Marie Mount HallConstructed in 1940 as an addition to Silvester Hall, the building's corridors and ceilings - a mixture of ashen, concrete walls and yellow floors - slant strangely to merge with the old construction. The building was first called, simply, the home economics building. It was renamed Margaret Brent Hall in 1959 after a colonial businesswoman considered the first American woman to request the right to vote.

"The Home Economics College at the University stands as [Marie Mount's] monument," wrote University President Emeritus Harry Clifton Byrd of the hall, in a 1957 memorial to the home economics dean. In 1969 the Board of Regents renamed it Marie Mount Hall in appreciation of Marie Mount's innovations in home economics at the University. Under her guidance, the "department of home and institution management" became its own division and later the College of Home Economics.

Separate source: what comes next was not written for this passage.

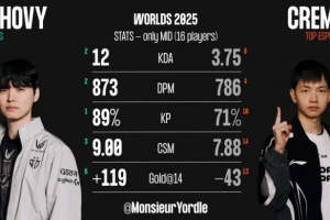 体育资讯10月23日讯 外媒统计TES与GEN中单数据对比,Creme在KDA、分均伤害、参团率、分均补刀、14分钟经济差均落后于Chovy。

Then-University President Wilson H. Elkins may have known more than he let on when he wrote in a 1957 memorial, "The character of Marie Mount will live forever." Marie Mount used to house student dormitories, according to facilities management. There are still signatures of students who wrote their names on the walls of their old rooms.


HJ Patterson Hall

HJ Patterson HallLess well known than "haunted" Marie Mount and Morrill halls, HJ Patterson is allegedly spooked. Once, a maintenance and structural trades manager in facilities management saw a stray shadow across the wall working alone in the building. He does not believe the shadow belonged to another worker.

Nicknamed "Steinberg Castle," the building is named after Maryland Agricultural College President Henry Jacob Patterson. It was built in 1931 and houses the department of plant biology, the department of natural resources, a soil testing lab and the Center for Agricultural Biology.